Evidence for the evolution and decay of an electrified Medium Scale Traveling Ionospheric Disturbances during two consecutive substorms: First results

TL;DR

This study investigates how two consecutive substorms influence the formation and decay of electrified Medium Scale Traveling Ionospheric Disturbances (EMSTIDs) using airglow imaging and ionospheric measurements during a geomagnetic event.

Contribution

It is the first to analyze the effects of interplanetary and substorm-induced electric fields on EMSTID evolution and decay at mid-latitudes.

Findings

Observed EMSTID evolution and decay during substorms.

Linked electric field variations to EMSTID dynamics.

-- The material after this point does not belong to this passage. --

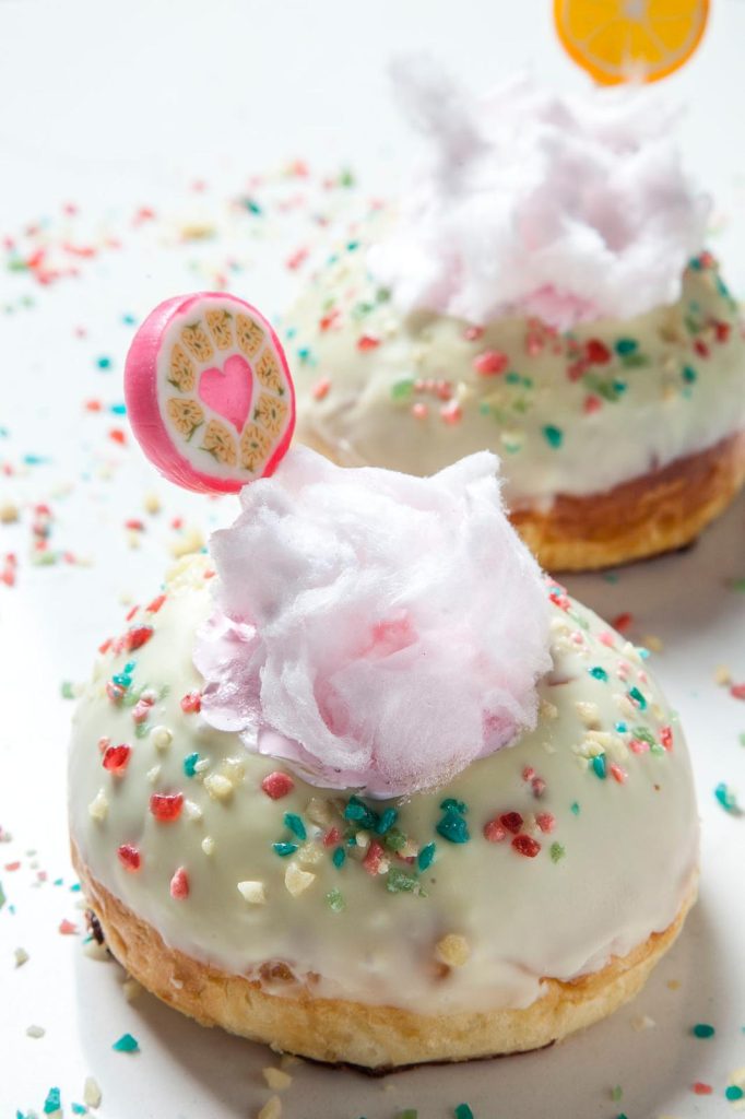 Pączek smażony z konfiturą z płatków róży z lukrem i skórką pomarańczową

Provided new insights into auroral and mid-latitude ionospheric coupling.

Abstract

Electrified Medium Scale Traveling Ionospheric Disturbances (EMSTIDs) is one of the prominent plasma structures that affect the propagation of high frequency radio waves. Overall, seasonal variation and propagation characteristics of the EMSTIDs are widely reported in literature. However, the effects of substorms on the formation and dissipation of the EMSTIDs are not well explored. In the present study, on a moderately geomagnetically active night of 26 October 2019 (Ap=24), the airglow imager over Hanle (32.7{\deg}N, 78.9{\deg}E; Mlat. ~24.1{\deg}N), India recorded the evolution and decay of an EMSTID in the O(1D) 630.0 nm airglow images in between 13.3 UT and 15.8 UT. In addition, during the same time, a steep rise and fall of the virtual base height of the ionospheric F-layer were also recorded by a nearby digisonde over New Delhi (28.70{\deg}N, 77.10{\deg}E; Mlat. ~20.2{\deg}N). The most important aspect of the event was the occurrence of the two consecutive substorms in between 13.3 UT and 15.8 UT. To the best of our knowledge, this is the first of its kind study where we report the role of interplanetary electric field (IEF) and substorm induced electric fields on the evolution and decay of the EMSTID. This study elicits effects of the externally imposed electric fields on the mid-latitude ionospheric plasma structures and provides insight into the complex coupling between auroral and low-mid latitude region.